From 2014 to 2019, Jose Angel Aman and associates offered US and Canadian investors the opportunity to invest in the purchase of uncut diamonds. They allegedly cut and resold them at a markup.
The scheme organizers claimed that the deal was high-yield and safe — investments were backed by Aman’s diamond reserves worth $25 million. Interest was paid out of money contributed by new participants in the scheme.
When the cycle began to falter, Aman began seeking funds for Argyle Coin. He presented the project as a diamond-backed cryptocurrency asset. The funds invested in it were paid to early investors as interest.
“Using a Ponzi scheme, Aman and his co-conspirators raised more than $25 million from hundreds of investors.
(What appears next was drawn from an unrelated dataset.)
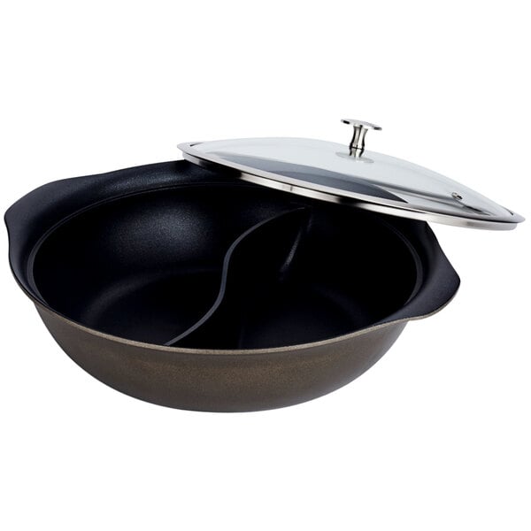 This casserole pan is made of durable, scratch-resistant cast aluminum with a stainless steel core. This construction makes the pan heat up quickly and evenly, allowing you to cook your dishes perfectly every time. It comes with a tempered, steam-release glass cover so you can protect your dishes from harmful contaminants as you display them. The cover is reinforced with a brushed stainless steel rim for added longevity and damage-resistance. The pan's curled handles prevent deterioration and stop bacteria from accumulating, making this pan both a sustainable and sanitary option. Attractive, convenient, and extremely durable, this Spring USA Motif divided non-stick casserole pan will make a great addition to any food service establishment!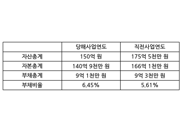 또한, 이번사업연도의 자산총계는 150억 원으로 직전사업연도 대비 -14.49% 감소한 한편, 부채총계는 9억 1천만 원으로 -2.59% 감소, 자본총계는 140억 9천만 원으로 -15.16% 감소했다.

He used the money to pay interest, cover business expenses, pay commissions to partners, and maintain his own luxurious lifestyle,” the statement said.
In May 2019, the U.S. District Court for the Southern District of Florida granted the SEC’s request for a temporary restraining order and asset freeze against Aman and Argyle Coin.
Then the SEC said that the entities tied to Aman unlawfully siphoned off more than $10 million. The man leased a house, bought horses, and paid for horseback-riding lessons for his son.
In September, BitClub Network mining-pool organizer Joseph Frank Abel pleaded guilty to fraud totaling $722 million. He faces imprisonment and substantial fines for this crime and related tax fraud charges.